I built the horizontal stabilizer much the same as I built the vertical stabilizer. The elevator halves were a little bit harder to get the tips perfectly lined up. As you can see, I them like dominoes, only backwards. I also built the two halves side by side. As I was doing it, I had a little unwelcome guest into my garage (bad part about a 95 degree garage... have to leave the door open to get some airflow with a fan). For the back of the elevator, I used 2x 1/16” balsa sheeting cut to 10mm wide to get the length needed on the elevator. The elevator tips were sandwiched between the sheeting as I glued them together.
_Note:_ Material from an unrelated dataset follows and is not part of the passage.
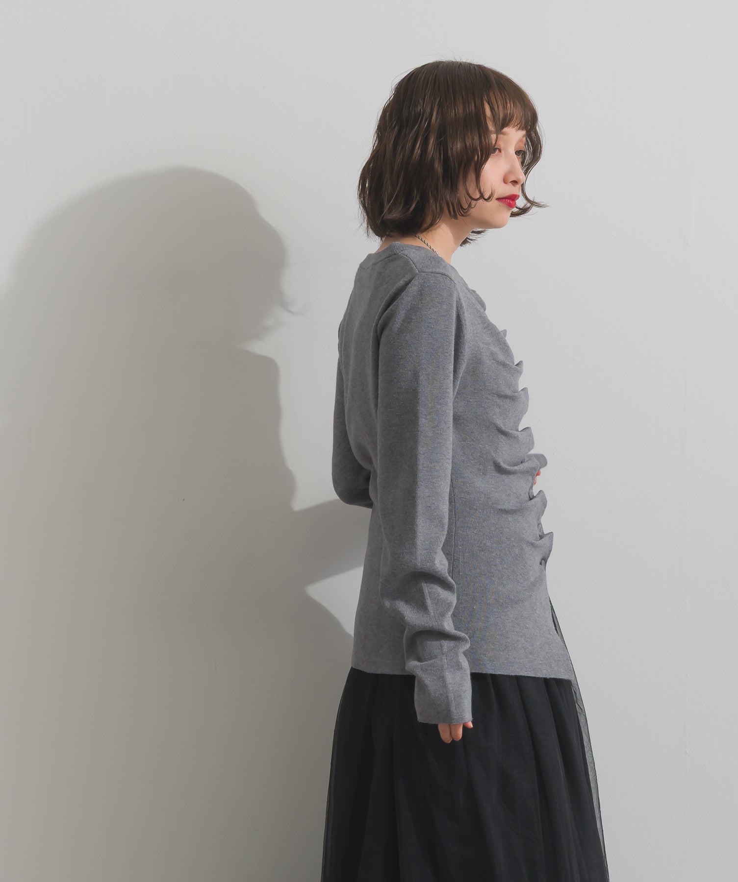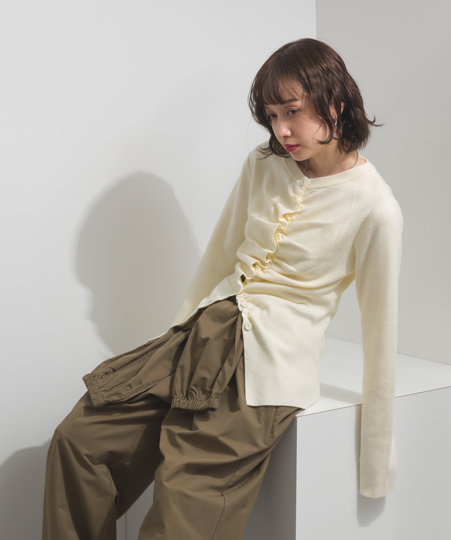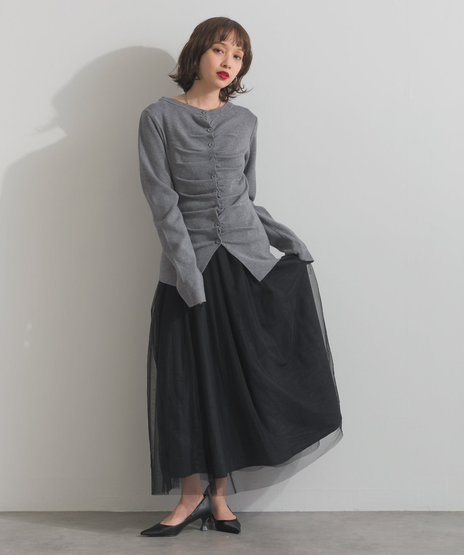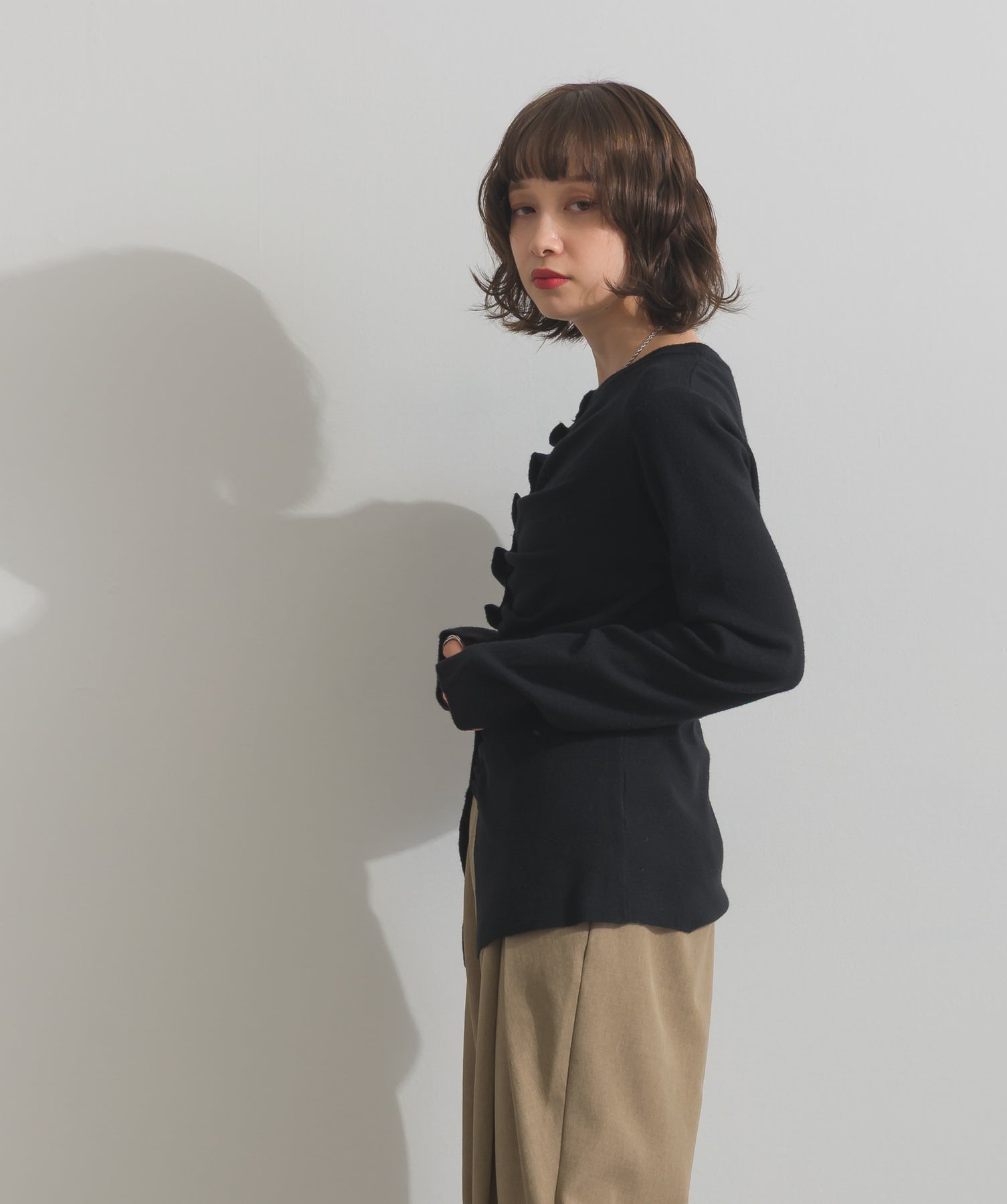 センシュアルに魅せる、計算されたギャザーデザイン。甘さ控えめ、なのにフェミニン。センターのギャザーが視線を引き寄せる、洗練カーディガン。-material-程よい厚みと柔らかさを備えたレーヨン混ニット素材を使用。ストレッチ性があり、心地よく身体にフィット。シーズンレスで着用できるライトな質感で、インナー使いにも活躍します。-design-フロントにあしらわれた大胆かつ繊細なギャザーが、豊かな陰影とリズムを生み出し、シンプルながらも奥行きのある表情を演出します。身体のラインを美しく魅せるコンパクトなシルエットで、ハイウエストのボトムスや、裾からレースを覗かせるレイヤードスタイルとも相性抜群。袖口はやや長めに設計され、手元にニュアンスを加えながら華奢見えも叶えます。大人の日常に洗練されたアクセントを加える一着です。

For the tubes, I needed to expand the holes in the stabilizer ribs so it would fit.
When I started building the wings, I first checked the fit of the wing tube into all the ribs and plywood doublers. The ribs were an easy fit, but the doublers needed to be dremeled out a bit for a good fit. That is probably a good thing to make sure the tubes are nice and tight in the wing structure. Then I glued the doublers to the associated wing ribs. The W-4 doublers were made oversize since the spacing between the wing tube and the wing spar is so little. I tried to cut the doublers to the right size spacing between the wing tube and spar, but could not make it work. I ended up cutting the doublers in half, sanding the middle part flush where the wing spar would go, and glue them in after I had the wing tube in place.
After I had W-4 in place and glued, I came to the conclusion I wanted a really floaty plane. So I added 1/4” more spacing between the rest of the ribs which gave me 2” more total wingspan on each half. Each rib was glued in while aligned on the plans with a builder's triangle to get them perfectly vertical. Then I epoxied the wing tubes into place. Both wing halves are to this point.